The Paul-Wyatt cotton mills were the world's first mechanised cotton spinning factories. Operating from 1741 until 1764 they were built to house the roller spinning machinery invented by Lewis Paul and John Wyatt. They were not very profitable but they spun cotton successfully for several decades.

==Development==
In 1738 Lewis Paul and John Wyatt obtained a patent for a cotton spinning machine that for the first time used the principle of two sets of rollers travelling at different speeds to enable fully mechanical spinning. The patent outlined the two key developments that were later to underlie both Richard Arkwright's water frame and James Hargreaves' spinning jenny, and made it possible for a single power source to drive more than one spinning machine. Wyatt envisaged "a kind of mill, with wheels turned either by horses, water or wind."

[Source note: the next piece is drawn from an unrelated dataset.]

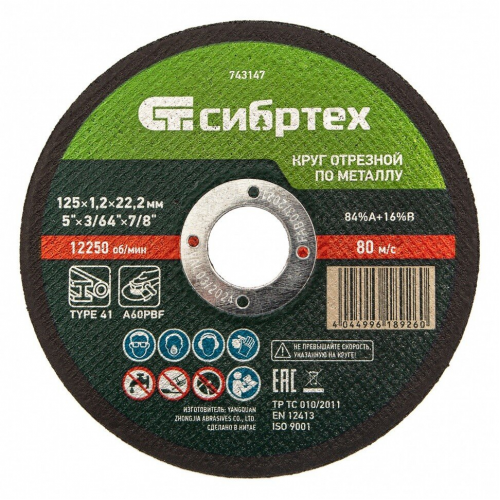 Круг отрезной по металлу 125*1,2*22мм Сибртех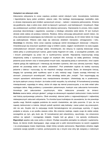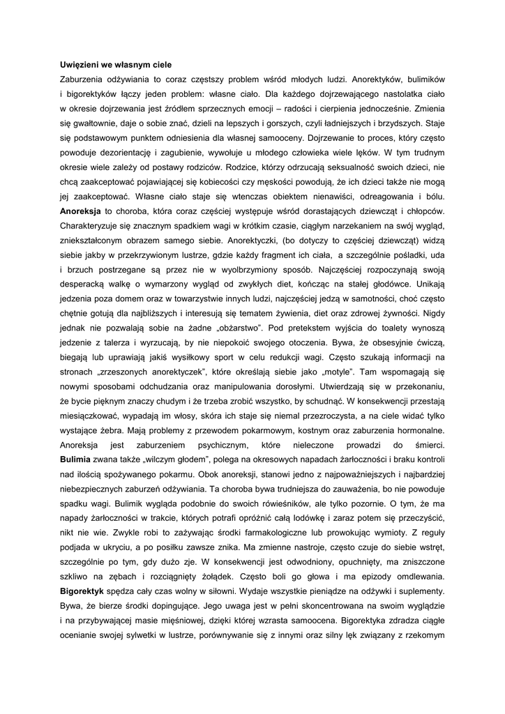 Uwięzieni we własnym ciele Zaburzenia odżywiania to coraz częstszy problem wśród młodych ludzi. Anorektyków, bulimików i bigorektyków łączy jeden problem: własne ciało. Dla każdego dojrzewającego nastolatka ciało w okresie dojrzewania jest źródłem sprzecznych emocji – radości i cierpienia jednocześnie. Zmienia się gwałtownie, daje o sobie znać, dzieli na lepszych i gorszych, czyli ładniejszych i brzydszych. Staje się podstawowym punktem odniesienia dla własnej samooceny. Dojrzewanie to proces, który często powoduje dezorientację i zagubienie, wywołuje u młodego człowieka wiele lęków. W tym trudnym okresie wiele zależy od postawy rodziców. Rodzice, którzy odrzucają seksualność swoich dzieci, nie chcą zaakceptować pojawiającej się kobiecości czy męskości powodują, że ich dzieci także nie mogą jej zaakceptować. Własne ciało staje się wtenczas obiektem nienawiści, odreagowania i bólu. Anoreksja to choroba, która coraz częściej występuje wśród dorastających dziewcząt i chłopców. Charakteryzuje się znacznym spadkiem wagi w krótkim czasie, ciągłym narzekaniem na swój wygląd, zniekształconym obrazem samego siebie. Anorektyczki, (bo dotyczy to częściej dziewcząt) widzą siebie jakby w przekrzywionym lustrze, gdzie każdy fragment ich ciała, a szczególnie pośladki, uda i brzuch postrzegane są przez nie w wyolbrzymiony sposób. Najczęściej rozpoczynają swoją desperacką walkę o wymarzony wygląd od zwykłych diet, kończąc na stałej głodówce. Unikają jedzenia poza domem oraz w towarzystwie innych ludzi, najczęściej jedzą w samotności, choć często chętnie gotują dla najbliższych i interesują się tematem żywienia, diet oraz zdrowej żywności. Nigdy jednak nie pozwalają sobie na żadne „obżarstwo”. Pod pretekstem wyjścia do toalety wynoszą jedzenie z talerza i wyrzucają, by nie niepokoić swojego otoczenia. Bywa, że obsesyjnie ćwiczą, biegają lub uprawiają jakiś wysiłkowy sport w celu redukcji wagi. Często szukają informacji na stronach „zrzeszonych anorektyczek”, które określają siebie jako „motyle”. Tam wspomagają się nowymi sposobami odchudzania oraz manipulowania dorosłymi. Utwierdzają się w przekonaniu, że bycie pięknym znaczy chudym i że trzeba zrobić wszystko, by schudnąć. W konsekwencji przestają miesiączkować, wypadają im włosy, skóra ich staje się niemal przezroczysta, a na ciele widać tylko wystające żebra. Mają problemy z przewodem pokarmowym, kostnym oraz zaburzenia hormonalne. Anoreksja jest zaburzeniem psychicznym, które nieleczone prowadzi do śmierci. Bulimia zwana także „wilczym głodem”, polega na okresowych napadach żarłoczności i braku kontroli nad ilością spożywanego pokarmu. Obok anoreksji, stanowi jedno z najpoważniejszych i najbardziej niebezpiecznych zaburzeń odżywiania. Ta choroba bywa trudniejsza do zauważenia, bo nie powoduje spadku wagi. Bulimik wygląda podobnie do swoich rówieśników, ale tylko pozornie. O tym, że ma napady żarłoczności w trakcie, których potrafi opróżnić całą lodówkę i zaraz potem się przeczyścić, nikt nie wie. Zwykle robi to zażywając środki farmakologiczne lub prowokując wymioty. Z reguły podjada w ukryciu, a po posiłku zawsze znika. Ma zmienne nastroje, często czuje do siebie wstręt, szczególnie po tym, gdy dużo zje. W konsekwencji jest odwodniony, opuchnięty, ma zniszczone szkliwo na zębach i rozciągnięty żołądek. Często boli go głowa i ma epizody omdlewania. Bigorektyk spędza cały czas wolny w siłowni. Wydaje wszystkie pieniądze na odżywki i suplementy. Bywa, że bierze środki dopingujące. Jego uwaga jest w pełni skoncentrowana na swoim wyglądzie i na przybywającej masie mięśniowej, dzięki której wzrasta samoocena. Bigorektyka zdradza ciągłe ocenianie swojej sylwetki w lustrze, porównywanie się z innymi oraz silny lęk związany z rzekomym defektem własnego ciała. Sprawdzanie obwodów - to kolejny przejaw uzależnienia. Chorzy stale mierzą obwód bicepsów, klatki piersiowej i porównują je z wymiarami swoich mistrzów. Rozwojowi bigoreksji niewątpliwie sprzyja wszechobecny kult ciała i moda lansowana w mass mediach. Bigorektyk jest stale niezadowolony ze swego wyglądu. Nie przekonują go zapewnienia bliskich ani kolegów z siłowni, że jego ciało jest doskonałe. Uważa, że może być jeszcze lepiej, ale nie potrafi wyznaczyć granicy, do której chciałby dojść. Podobnie jest z anorektyczką - patrząc w lustro też nie jest zadowolona, wciąż jej się wydaje, jest że za gruba. Rodzicu bądź uważny! Nie udawaj, że nic nie widzisz, kiedy twoje dziecko nagle chudnie i zmienia rozmiary na coraz mniejsze. Gdy znika w trakcie lub od razu po posiłku. Gdy cały wolny czas spędza ćwicząc. Gdy nagle się izoluje, przestaje rozmawiać. Przejrzyj strony internetowe, na które wchodzi. Zapytaj przyjaciół twojego dziecka, czy zauważyli coś niepokojącego. Porozmawiaj z wychowawcą. Bądź uważny, słuchaj własnej intuicji, jeśli podpowiada ci, że coś się dzieje. Rodzicu rozmawiaj ze swoim dzieckiem! Bardzo ważne jest, aby rozmawiać. Nie tylko o tym, co się dzieje, ale rozmawiać w ogóle. Zainteresować się tym, co słychać, zapytać o znajomych, wyjść gdzieś razem. W rozmowie o zauważonym problemie, ważne jest, aby nie oceniać. Nie zaczynać „jesteś za chuda” lub „za dużo czasu spędzasz w siłowni”, tylko spróbować porozmawiać o własnej trosce, niepokoju. Ważne jest, by nastolatek czuł przede wszystkim oparcie i troskę, a nie złość lub rozczarowanie, które wzbudzą w nim tylko postawę obronną. Czasem wystarczy tylko jedno zdanie np. „martwię się o ciebie”, aby sygnał był wystarczająco czytelny i dostrzeżony przez dziecko. Nastolatki potrzebują poczuć, że są dla kogoś ważne, że ktoś je zauważył i zatroszczył się o nie. Wszystkie „reksje” wymag

Using this technology, and with financial support provided by associates of the author Samuel Johnson, in the summer of 1741 Paul and Wyatt set up the Upper Priory Cotton Mill in Birmingham, the first mill to spin cotton "without the aid of human fingers". The mill "containing fifty rollers ... turned by two donkeys walking round an axis" was not a commercial success, with Wyatt unable to enforce the levels of organisation and discipline that an operation on this scale demanded; Andrew Ure was to comment that Wyatt was "favourably placed, in a mechanical point of view, for maturing his admirable scheme" but "a gentle and passive spirit, little qualified to cope with the hardships of a new manufacturing enterprise". Two years after its opening the mill was described as being in a "pitiful state" and in 1743 Wyatt was incarcerated in the Fleet Prison for debt. Matthew Boulton was later to observe that the Paul-Wyatt mill "would have got money had it been in good hands", but nothing is known of it after Wyatt's release in October 1743.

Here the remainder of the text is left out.